One should probably refactor the calculation of the 1d index from the 2d index. That is a task for you (the reader 😉 ) We basically always add an edge to the right if there is a vertex to the right and below if there is one. Then if the character is the same as the current position we add a diagonal edge.

# Calculating the solution

Now we can use Breadth-first search to find the shortest path from the top left vertex to the bottom right one. We can use the shortest_paths function for this.

bfs_result = shortest_paths(g, 1)

The output for this for our test example with old_word = "driftwood" and new_word = "artwork" this results in:

Graphs.Experimental.ShortestPaths.BFSResult{Int64}(
[0, 1, 2, 3, 4, 5, 6, 7, 8, 9, 1, 2, 3, 4, 5, 6, 7, 8, 9, 10, 11, 12, 12, 23, 24, 25, 26, 27, 28, 29, 21, 22, 23, 24, 25, 25, 36, 37, 38, 39, 31, 32, 33, 34, 35, 36, 36, 47, 48, 49, 41, 42, 43, 44, 45, 46, 47, 47, 48, 59, 51, 52, 52, 63, 64, 56, 57, 58, 59, 60, 61, 62, 63, 64, 65, 66, 67, 68, 69, 70],
[0, 1, 2, 3, 4, 5, 6, 7, 8, 9, 1, 2, 3, 4, 5, 6, 7, 8, 9, 10, 2, 3, 3, 4, 5, 6, 7, 8, 9, 10, 3, 4, 4, 5, 6, 6, 7, 8, 9, 10, 4, 5, 5, 6, 7, 7, 7, 8, 9, 10, 5, 6, 6, 7, 8, 8, 8, 8, 9, 10, 6, 7, 7, 8, 9, 9, 9, 9, 10, 11, 7, 8, 8, 9, 10, 10, 10, 10, 11, 12]
)

Which might not be the easiest one to read.
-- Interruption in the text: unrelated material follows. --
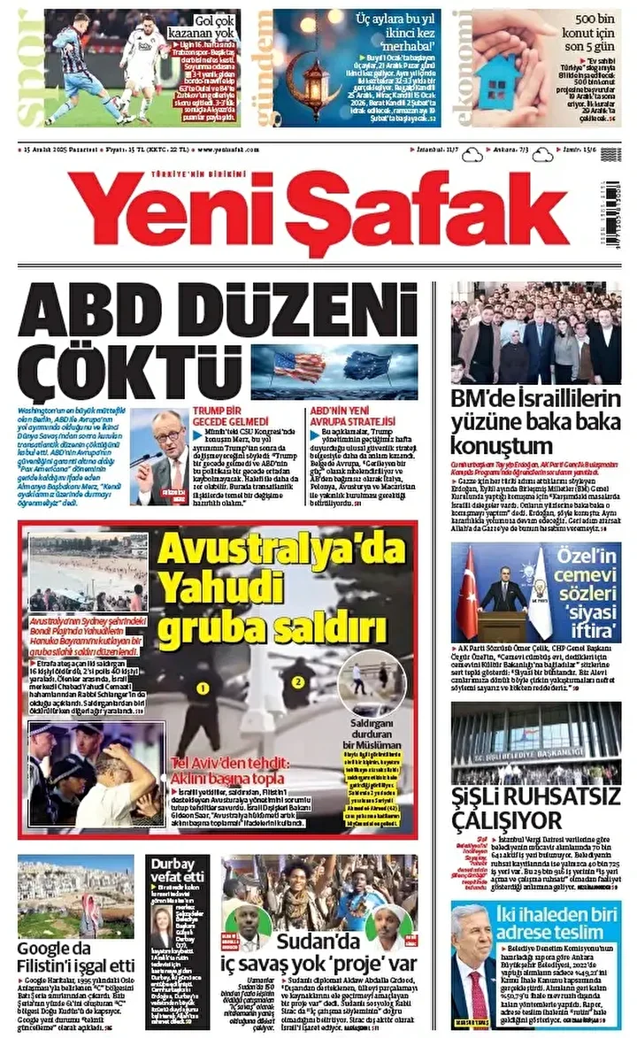 Yeni Şafak Gazetesi’nin 15 Aralık 2025 tarihli birinci sayfasında yer alan manşet ve haberler…
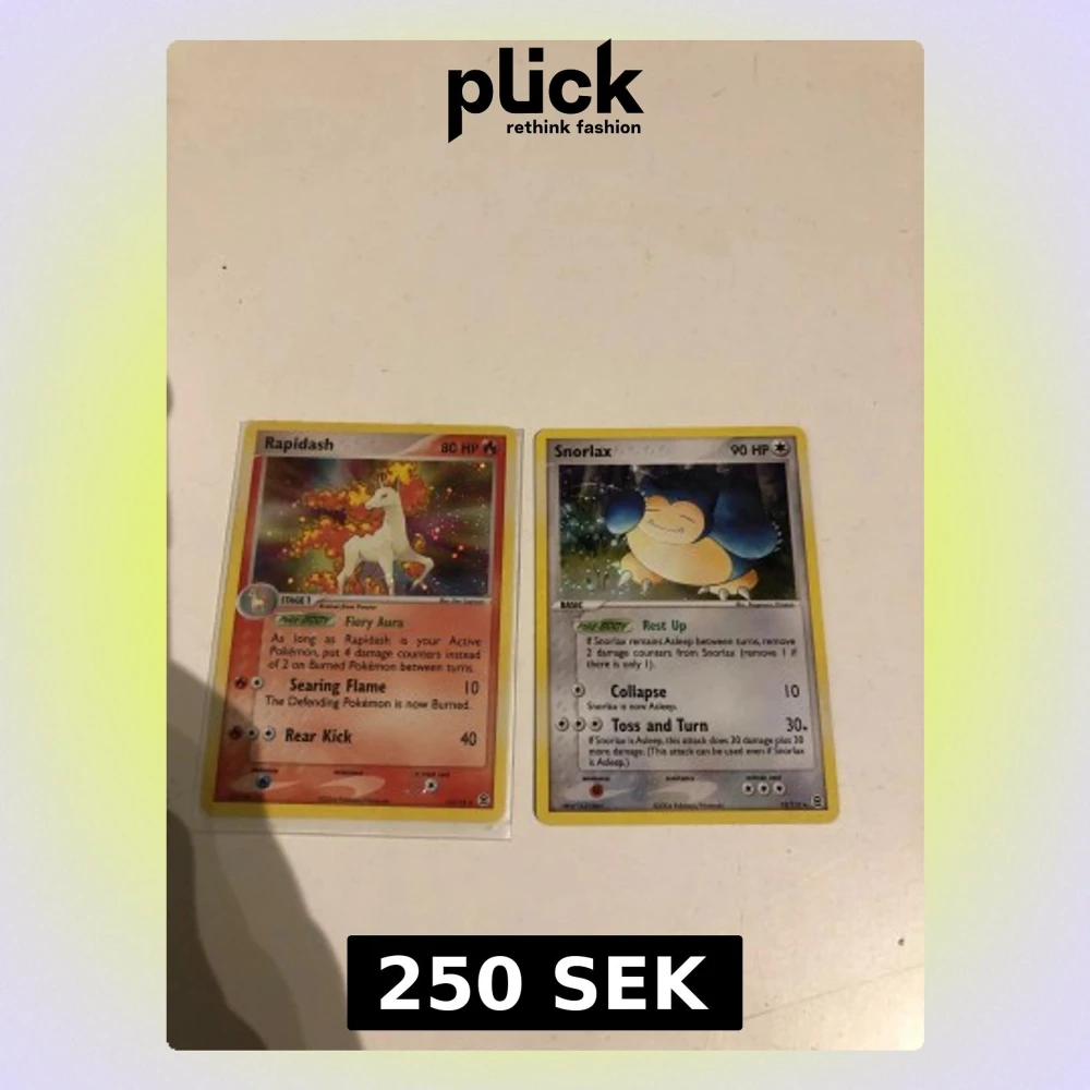 Två coola Pokémonkort med Rapidash och Snorlax från 2004! Perfekt för dig som samlar eller vill spela med klassiska karaktärer. Rapidash har eldiga attacker och Snorlax är supertuff med sin sömnförmåga. Färgglada och nostalgiska kort för alla Pokémonfans!

It shows the parent for each vertex first and then the distance to our start node 1. So the last value of the second array shows us the length of our path. Then we can start from the last value of the first array and go along the parents to get our path.

I wrote this function for it:

function get_path_list(bfs_parents)
c = length(bfs_parents)
l = Int[]
while c != 1
push!(l, c)
c = bfs_parents[c]
end
return reverse!(l)
end

In our case it is:

[2, 12, 23, 24, 25, 36, 47, 48, 59, 60, 70, 80]

It never starts with a 1 due to my while loop break but you can read it as we start at the top left corner. Then go one right to the d of driftwood which means we delete that d. Then we go down (a plus of 10 in our case as driftwood has 9 chars). Then diagonally (a plus of 11) and so on.

# Show a visual diff

The last step that we need to do is now to make this path readable as I tried in my last sentence 😄 but hopefully more visually pleasing. For this I installed Crayons.jl. First I wanted to have tuples which contain whether we delete, insert or keep a char and then the char itself.

function get_insert_delete_tuples(path, old_word, new_word)
A = length(old_word)
tpls = Vector{Tuple{Symbol, Char}}()
last = 1
for p in path
lj, li = divrem(last-1, A+1)
j, i = divrem(p-1, A+1)
# deletion
if li+1 == i && j == lj
push!(tpls, (:delete, old_word[i]))
elseif  i == li && lj+1 == j
# insertion
push!(tpls, (:insert, new_word[j]))
else
push!(tpls, (:same, old_word[i]))
end

last = p
end
return tpls
end

Here we go along the path keep track of the last vertex we came from and convert that into two dimensional coordinates. Then we check whether we came from the left, top or diagonally.

My last function is to convert that to crayons:

function print_in_crayons(ins_del_tpls)
for tpl in ins_del_tpls
cray = Crayon(reset=true)
if tpl[1] == :delete
cray = Crayon(reset=true, strikethrough=true)
elseif tpl[1] == :insert
cray = Crayon(reset=true, foreground=:green)
end
print(cray, tpl[2])
end
println()
end

And in our word_diff method I've added:

path_list = get_path_list(bfs_result.parents)
ins_del_tpls = get_insert_delete_tuples(path_list, old_word, new_word)
print_in_crayons(ins_del_tpls)

For our example the output reads like:

dariftwoodrk

I totally agree that it isn't the easiest to read so I give you the task to improve the output here as well 😉

# Future possibilities

I think there are several options this could be improved:

• We would like to keep the whole "two" and then remove the second "o" from "wood" afterwards instead of deleting the first "o"

• Check this out for several lines.

• Do we have a line by line diff and one for each individual line?

It might be interesting to test this out for larger files then and do some benchmarks.